Cartaz de divulgação da atividade

O Laboratório Interdisciplinar de Estudos de Gênero/LIEG vem desenvolvendo ao longo do primeiro semestre de 2023 a atividade extensionista “A luta feminista no espaço acadêmico: pesquisas qualitativas, diagnósticos e novos saberes” em parceria com o GT Gênero/ANPUH São Paulo, IPPMar e universidades convidadas. Já tivemos a presença de:

  • Professora Lídia Possas (UNESP-FFC), coordenadora do Laboratório, apresentando a proposta da atividade, no dia 20 de abril de 2023;
  • Professora Simone Capellini (UNESP-FFC), discutindo “Pesquisa e comissão de ética na área das humanidades”, no dia 4 de maio de 2023;
  • Professor Thiago Ávila (UniCEUB), que nos apresentou seu artigo “O desenvolvimento da criminologia feminista no Brasil” no dia 18 de maio de 2023;
  • Professora Emília Barbosa (University of Science and Technology – Missouri/USA), que nos dias 1 e 8 de maio nos trouxe a discussão sobre o livro The Feminist Killjoy, novo livro da autora Sara Ahmed.

Na última quinta-feira, dia 15 de junho, tivemos a presença da professora Flor de María Gamboa Solís, professora e pesquisadora na Faculdade de Psicologia da Universidade Michoacana de San Nicolás de Hidalgo, no México, onde é também coordenadora da Red de Enlaces Académicos de Género.
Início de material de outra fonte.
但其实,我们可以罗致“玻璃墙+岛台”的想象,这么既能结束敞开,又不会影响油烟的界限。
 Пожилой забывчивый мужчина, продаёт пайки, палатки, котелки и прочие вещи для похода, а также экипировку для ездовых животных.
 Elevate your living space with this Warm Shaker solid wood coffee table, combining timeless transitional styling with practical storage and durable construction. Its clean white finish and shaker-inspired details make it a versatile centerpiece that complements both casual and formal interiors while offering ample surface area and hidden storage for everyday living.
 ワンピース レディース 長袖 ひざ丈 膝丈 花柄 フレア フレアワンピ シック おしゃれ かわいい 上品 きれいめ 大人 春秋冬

Desenvolve um trabalho investigativo a partir da articulação do feminismo e da psicanálise para documentar, estudar e teorizar os processos de produção e reprodução das desigualdades que se originam na diferença sexual. A professora Solís está particularmente interessada na questão da violência de gênero, bem como na investigação das formas discursivas que modelam negativamente a sexualidade feminina e reproduzem estereótipos de gênero em espaços públicos e privados.

Na atividade, fizemos a discussão do seu artigo “Acoso sexual em la Universidad: de protocolos y protocolos”, que apresenta uma reflexão feminista sobre assédio sexual nas universidades, com base na análise da aplicação do Protocolo contra a violência de gênero na Universidade Michoacana de San Nicolás de Hidalgo (2017), para mostrar que os protocolos só podem servir às autoridades universitárias como “rótulos” de responsabilidade social e moralidade, podendo até ser encarados como um desafio para os agressores e não como proteção para as pessoas afetadas.
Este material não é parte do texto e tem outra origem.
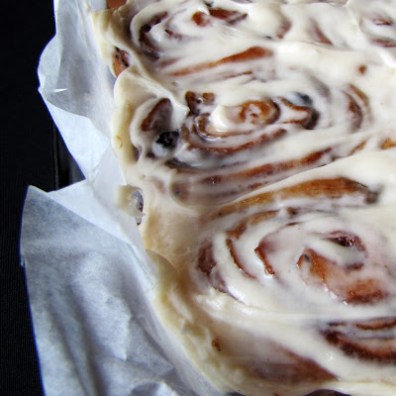 On a floured surface, roll dough into a 16×21 inch rectangle. Spread dough with 1/3 cup butter and sprinkle evenly with sugar/cinnamon mixture. Sprinkle blueberries evenly throughout. Roll up dough tightly and cut into 12 rolls. (Since there are blueberries in there, make sure you use a serated knife.) Place rolls in a lightly greased 9×13 inch baking pan. Cover and let rise until nearly doubled, about 30 minutes. Meanwhile, preheat oven to 400 degrees F.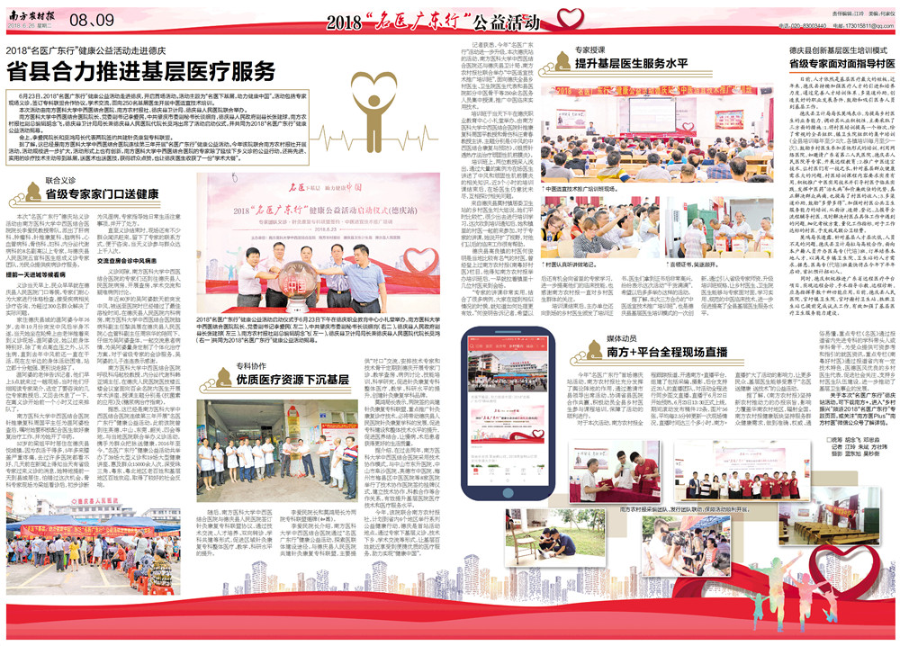 本次义诊活动,南方医科大学中西医结合医院派出了肝病科、肿瘤科、针推康复科、脑病科、心血管病科、骨伤科、妇科、内分泌代谢病科的8名副高以上专家,与德庆县人民医院五官科医生组成义诊专家团队,为民众提供疾病诊疗服务。
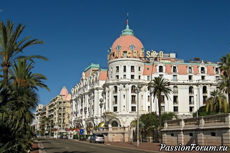 Отель "Негреско" - главная достопримечательность Ниццы и Променада. Очень интересна его история. Негреску -фамилия человека, который его задумал и создал, не имея при этом особых средств. Открыт отель был перед Первой Мировой войной, в войну здесь был госпиталь, богатых клиентов было мало, все пришло в упадок и стояло закрытым до 1957 года, когда его купила семья Ожье. Жанна Ожье владеет им до сих пор, ей почти 100 лет. В завещании сказано, что в интерьерах нельзя ничего менять в течение 99 лет после ее смерти. Она сама переделывала отель, сделав каждый этаж и каждый номер своеобразным. Она собирала раритеты по всей Франции. В список наследия ЮНЕСКО внесено не только само здание, но все, что внутри. Для этого были изменены правила.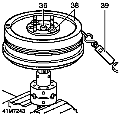 38. Fit transmission brake drum to output flange, secure with 2 nuts.

A presença da professora Flor de Maria Solís fortalece dois dos compromissos fundamentais do Laboratório Interdisciplinar de Estudos de gênero/LIEG: a interdisciplinaridade e também a criação de parcerias internacionais. Como coloca nossa coordenadora, Lídia Possas, o diálogo transnacional fortalece o enfrentamento da violência de gênero na universidade, assumindo uma política educacional e pedagógica que toma corpo e propõe ações e medidas de prevenção, enfrentamento e acolhimento frente à todas as formas de violência. É responsabilidade nossa acreditar, investir para erradicar.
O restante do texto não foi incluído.